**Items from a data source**
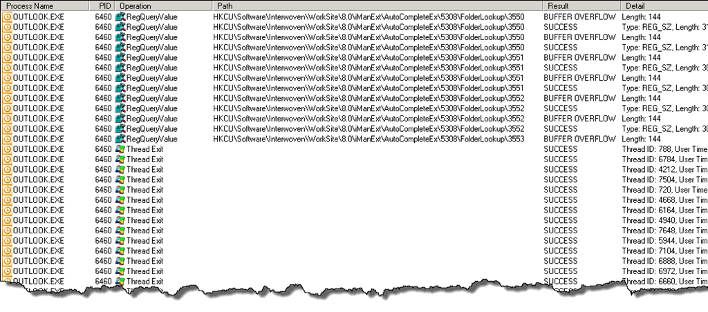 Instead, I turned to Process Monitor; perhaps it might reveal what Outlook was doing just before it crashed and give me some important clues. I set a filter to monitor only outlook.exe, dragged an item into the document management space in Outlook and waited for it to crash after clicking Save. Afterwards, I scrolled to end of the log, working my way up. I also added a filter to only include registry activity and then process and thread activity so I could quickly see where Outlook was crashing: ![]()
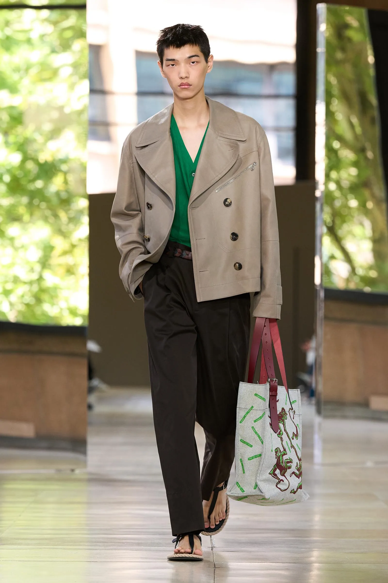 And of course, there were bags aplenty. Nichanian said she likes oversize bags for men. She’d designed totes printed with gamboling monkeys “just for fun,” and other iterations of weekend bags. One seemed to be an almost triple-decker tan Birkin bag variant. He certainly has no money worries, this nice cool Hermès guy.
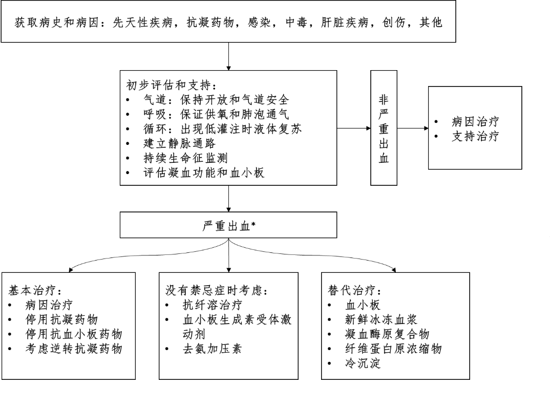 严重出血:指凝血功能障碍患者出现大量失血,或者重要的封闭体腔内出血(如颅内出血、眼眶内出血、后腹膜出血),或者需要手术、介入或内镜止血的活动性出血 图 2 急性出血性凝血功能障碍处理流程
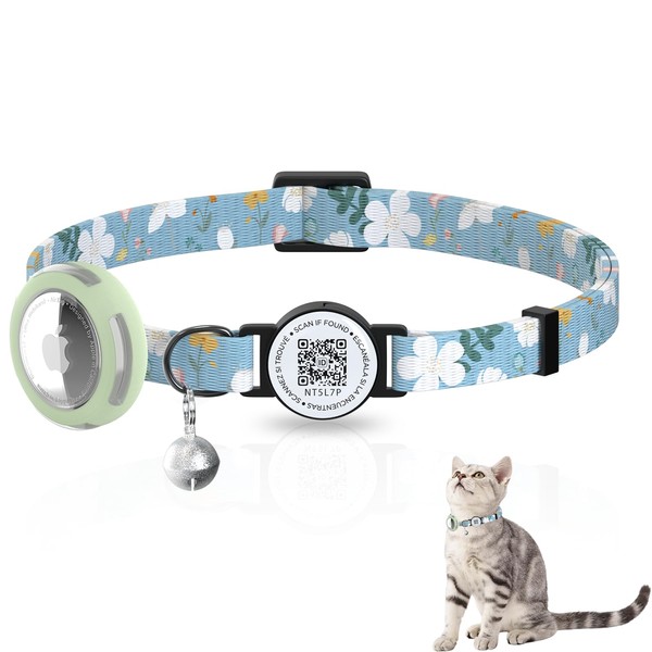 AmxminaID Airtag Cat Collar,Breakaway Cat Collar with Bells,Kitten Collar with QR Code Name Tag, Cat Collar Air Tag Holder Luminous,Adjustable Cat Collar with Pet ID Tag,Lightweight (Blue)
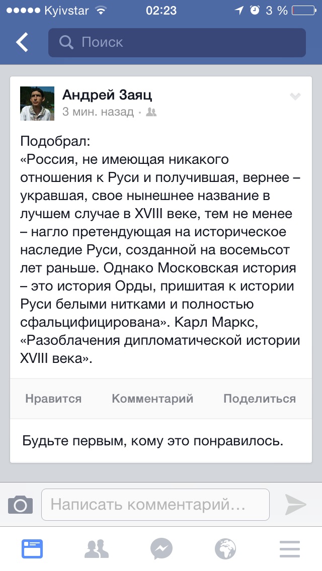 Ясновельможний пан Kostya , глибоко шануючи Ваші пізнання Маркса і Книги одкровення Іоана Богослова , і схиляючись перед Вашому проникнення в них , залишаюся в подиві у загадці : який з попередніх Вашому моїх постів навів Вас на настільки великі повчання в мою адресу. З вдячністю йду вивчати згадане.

**Aim of the exercise**
Each record needs to be reproduced exactly, and no image should be carried over.

**Exercise solution**
 Instead, I turned to Process Monitor; perhaps it might reveal what Outlook was doing just before it crashed and give me some important clues. I set a filter to monitor only outlook.exe, dragged an item into the document management space in Outlook and waited for it to crash after clicking Save. Afterwards, I scrolled to end of the log, working my way up. I also added a filter to only include registry activity and then process and thread activity so I could quickly see where Outlook was crashing: ![]()
 And of course, there were bags aplenty. Nichanian said she likes oversize bags for men. She’d designed totes printed with gamboling monkeys “just for fun,” and other iterations of weekend bags. One seemed to be an almost triple-decker tan Birkin bag variant. He certainly has no money worries, this nice cool Hermès guy.
 严重出血:指凝血功能障碍患者出现大量失血,或者重要的封闭体腔内出血(如颅内出血、眼眶内出血、后腹膜出血),或者需要手术、介入或内镜止血的活动性出血 图 2 急性出血性凝血功能障碍处理流程
 AmxminaID Airtag Cat Collar,Breakaway Cat Collar with Bells,Kitten Collar with QR Code Name Tag, Cat Collar Air Tag Holder Luminous,Adjustable Cat Collar with Pet ID Tag,Lightweight (Blue)
 Ясновельможний пан Kostya , глибоко шануючи Ваші пізнання Маркса і Книги одкровення Іоана Богослова , і схиляючись перед Вашому проникнення в них , залишаюся в подиві у загадці : який з попередніх Вашому моїх постів навів Вас на настільки великі повчання в мою адресу. З вдячністю йду вивчати згадане.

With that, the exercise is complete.